I hope now you can understand what was going on in line 15.
Then as usual, we yield a request object using response.follow with the appropriate values (url and callback function).
parse_data Method
Now you know most of Scrapy. But how do we export the data? Well, for that, we either yield a dictionary or a Scrapy Item. But I prefer using a dictionary for this tutorial.
Notice that in the for loop, we have iterated over a selection object. The selection the object is essentially a list and its elements also have the css method and can use selectors inside on their children. This is what we did in line 35. Then in the dictionary, we extracted text from all the <td> selections by using the pseudo selector text and calling the get method on it. However, in the value of the food key, we used a list comprehension. This is because there was a <br> tag at the end of the body of the <td> which will yield an empty string (because tags and texts are treated separately. I would recommend you to play and ponder with selectors).
Running the spider
As mentioned before, we left the web app running.

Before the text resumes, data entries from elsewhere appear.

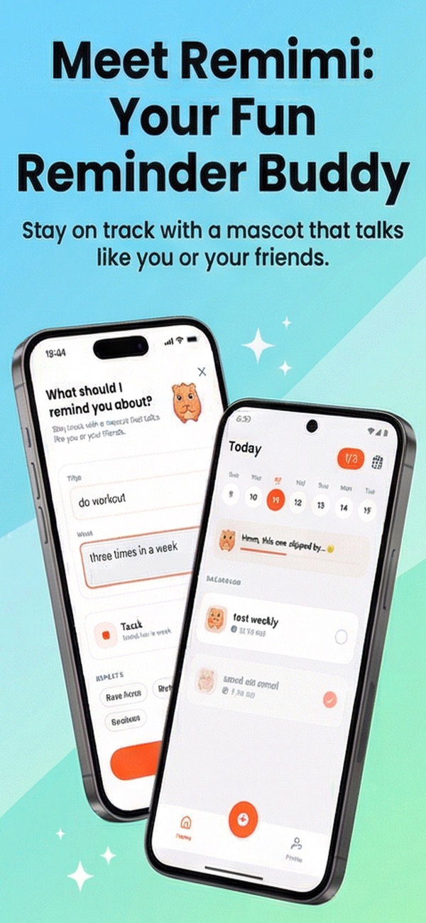 Meet Remimi, your tiny reminder buddy. Remimi turns boring reminders into friendly nudges that help you stay consistent, focused, and stress-free. No pressure.
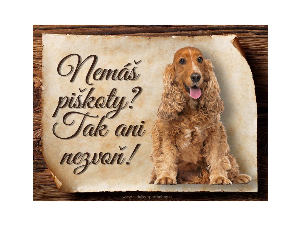 Cedulka s Anglický kokršpaněl VI, hliníková s nápisem "Nemáš piškoty? Tak ani nezvoň!" Kovová výstražná venkovní cedulka oznamující to či ono, že se ve vašem obydlí může návštěvník setkat s vašim čtyřnohým miláčkem a jeho teritoriem. Velikosti těchto cedulek jsou 15x11,25 a 20x15 cm. Cedulky jsou tištěny sublimační technologií Grawerton přímo na plech. Cedulky dodáváme běžně se zakulacenými rohy. Pokud budete chtít na cedulku vlastní text, napište nám jej do poznámky.
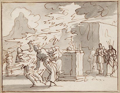 Nadab en Abihu bij het altaar gedood door hemels vuur

Now, we will first list all spiders available using the following command:
scrapy list
We can see that the countryfood spider is listed. Now we are good to go! Enter the following command to run the spider:
scrapy crawl countryfood -L WARN -o -:jl
Here, the command crawl tells Scrapy to start a spider. The -L option sets the log level from debug to WARN. This is helpful because otherwise, Scrapy will produce a lot of log output including the items it has scraped. the -o option specifies the output file and format. Here, -:jl is a value passed for the -o option which is saying that set the output file to stdout and format to JSON lines. And the colon is separating these two values. Usually, we use JSON lines instead of JSON because, if it produces a lot of output, JSON will not scale very well.